# Reset HR23 - does it erase settings?



## craigsharrow (Oct 30, 2007)

I was told to try resetting my HR23 to get Directv2PC working.

Does reset wipe out scheduled recordings, series, or custom playlist?

If "yes" is there any way to save my settings first?


----------



## Monty23 (Sep 16, 2006)

Resetting your HR23 from either the menu or an RBR will not erase any of your settings or recordings.


----------



## Groundhog45 (Nov 10, 2005)

Be sure to select "Restart Receiver" and not "Reset Defaults" or "Reset Everything". A restart from the menu is preferred to using the RBR if possible. This just performs a reboot and doesn't change any settings.


----------



## jdspencer (Nov 8, 2003)

You can also reboot by power cycling the unit.

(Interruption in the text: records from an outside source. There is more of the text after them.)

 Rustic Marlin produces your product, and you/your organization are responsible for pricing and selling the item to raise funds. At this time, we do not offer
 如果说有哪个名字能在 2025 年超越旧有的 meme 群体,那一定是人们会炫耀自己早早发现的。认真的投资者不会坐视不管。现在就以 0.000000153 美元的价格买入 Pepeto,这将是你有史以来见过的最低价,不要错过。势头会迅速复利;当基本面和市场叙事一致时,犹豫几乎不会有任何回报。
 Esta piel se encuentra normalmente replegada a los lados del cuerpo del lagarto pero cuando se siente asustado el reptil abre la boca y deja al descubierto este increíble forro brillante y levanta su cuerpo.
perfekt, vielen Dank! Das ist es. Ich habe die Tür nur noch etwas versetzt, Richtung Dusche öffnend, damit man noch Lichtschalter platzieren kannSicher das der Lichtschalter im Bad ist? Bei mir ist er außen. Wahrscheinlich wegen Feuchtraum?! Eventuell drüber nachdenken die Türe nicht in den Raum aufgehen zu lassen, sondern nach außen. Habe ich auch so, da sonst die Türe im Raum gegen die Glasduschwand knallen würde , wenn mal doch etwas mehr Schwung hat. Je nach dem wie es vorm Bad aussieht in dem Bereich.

Just make sure it isn't recording anything when you do any of the reboot methods, for obvious reasons.


----------



## Mike Bertelson (Jan 24, 2007)

*Restart Receiver* will do just that; restart your receiver.

*Reset Defaults* will NOT erase your recordings but wipe out all your settings; e.g. Favorites, Parental Controls, Display, etc.

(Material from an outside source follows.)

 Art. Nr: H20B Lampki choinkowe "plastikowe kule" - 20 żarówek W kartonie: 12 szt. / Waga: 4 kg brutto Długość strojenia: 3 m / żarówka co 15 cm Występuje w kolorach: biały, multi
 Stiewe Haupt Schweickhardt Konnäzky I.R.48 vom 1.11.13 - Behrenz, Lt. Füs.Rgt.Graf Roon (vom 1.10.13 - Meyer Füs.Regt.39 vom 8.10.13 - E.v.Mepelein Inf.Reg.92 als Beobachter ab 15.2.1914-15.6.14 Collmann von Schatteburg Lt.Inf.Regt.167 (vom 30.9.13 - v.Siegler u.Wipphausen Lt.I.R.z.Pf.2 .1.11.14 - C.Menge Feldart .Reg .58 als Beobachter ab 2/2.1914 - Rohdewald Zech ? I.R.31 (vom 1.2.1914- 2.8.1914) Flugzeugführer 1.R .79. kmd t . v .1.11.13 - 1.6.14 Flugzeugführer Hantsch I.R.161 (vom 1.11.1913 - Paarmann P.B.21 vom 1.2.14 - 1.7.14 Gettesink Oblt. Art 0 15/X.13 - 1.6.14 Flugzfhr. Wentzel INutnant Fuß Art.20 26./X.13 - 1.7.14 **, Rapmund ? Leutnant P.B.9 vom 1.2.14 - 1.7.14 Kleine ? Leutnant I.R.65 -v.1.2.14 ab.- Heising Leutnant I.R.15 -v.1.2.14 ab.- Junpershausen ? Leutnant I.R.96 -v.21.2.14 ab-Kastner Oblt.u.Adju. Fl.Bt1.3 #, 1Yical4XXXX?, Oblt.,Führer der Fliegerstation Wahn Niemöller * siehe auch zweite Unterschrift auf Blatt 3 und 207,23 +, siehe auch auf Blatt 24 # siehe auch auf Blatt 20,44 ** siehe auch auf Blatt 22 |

*Reset Everything* will wipe out EVERYTHING. It states this may take 2-3 hours. It wipes the hard drive clean and resets everything to factory defaults.

Mike


----------



## CCarncross (Jul 19, 2005)

jdspencer said:


> You can also reboot by power cycling the unit.
> 
> Just make sure it isn't recording anything when you do any of the reboot methods, for obvious reasons.

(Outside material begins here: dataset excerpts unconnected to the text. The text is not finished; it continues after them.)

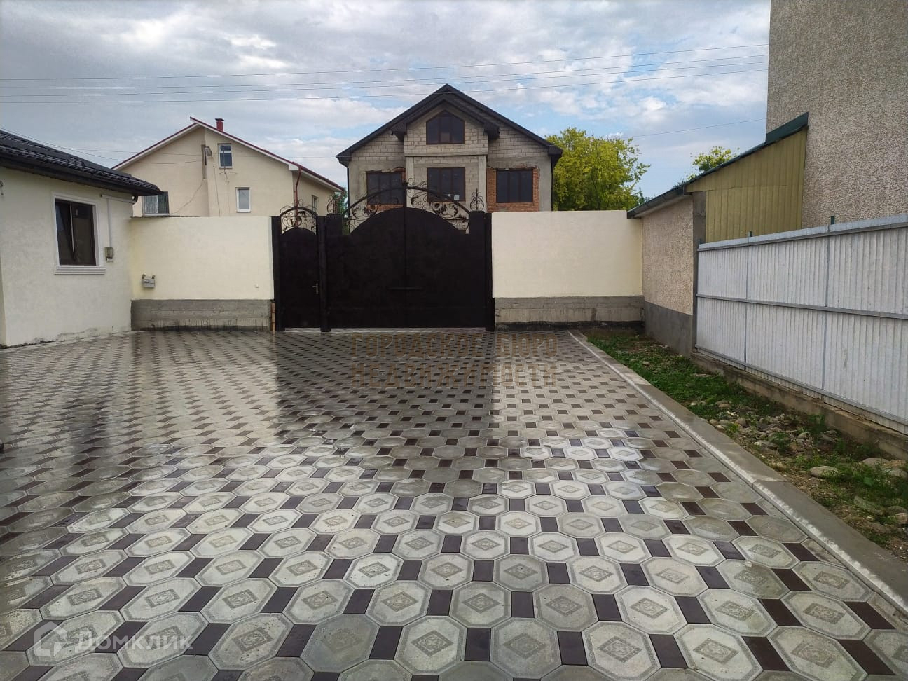 Добротные ворота стоят, двор и въезд выложен плиткой.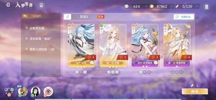 战斗打法:由于【康一乐·心愿】是群攻,所以注意要集中伤害打主要敌人,小怪可以技能打死。常规操作:每一波战斗开始锁定中间敌人,【易子洋·记忆拼图】放技能给【康一乐·心愿】,接着直接下群攻技能,CD好了就放,十分无脑。[共鸣]用完了就再补上,没血了加血,念力有多就放【易子洋·十万公里】的技能。进阶操作:【康一乐·心愿】的技能比较特别,每次攻击都可以增加潜能值,所以潜能叠起来很快,第一次技能放完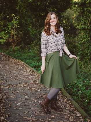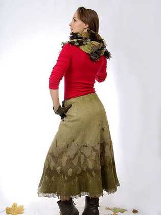 Оливковые штаны предпочтительны для лета и весны. Вместо брюк можно выбрать юбку – свободные фасоны сгладят ассоциации со стилем милитари. В сочетании с блузой и лодочками лавандового тона наряд смотрится стильно и романтично.
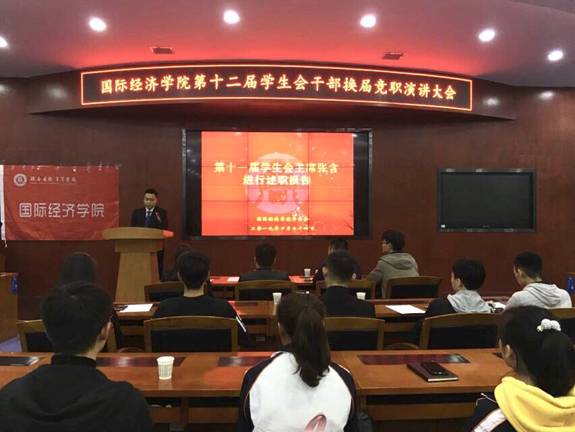 2019年10月24日19:00,我院第十二届学生会干部竞职大会在经济管理实验示范中心D区如期举行。出席本次大会的有学院团总支书记荣超老师,辅导员李义玲老师,团总支副书记李斌以及学生会新老学生干部。

The only way to actually power cycle the unit is to pull the power plug, and that should only be used as a last result, its too easy to corrupt the Hard drive data by pulling the power plug. The *only safe way* to power cycle one of these dvr's is to restart it through the menu or the RBR(red button reset), then pull the power plug when all the lights go out.


----------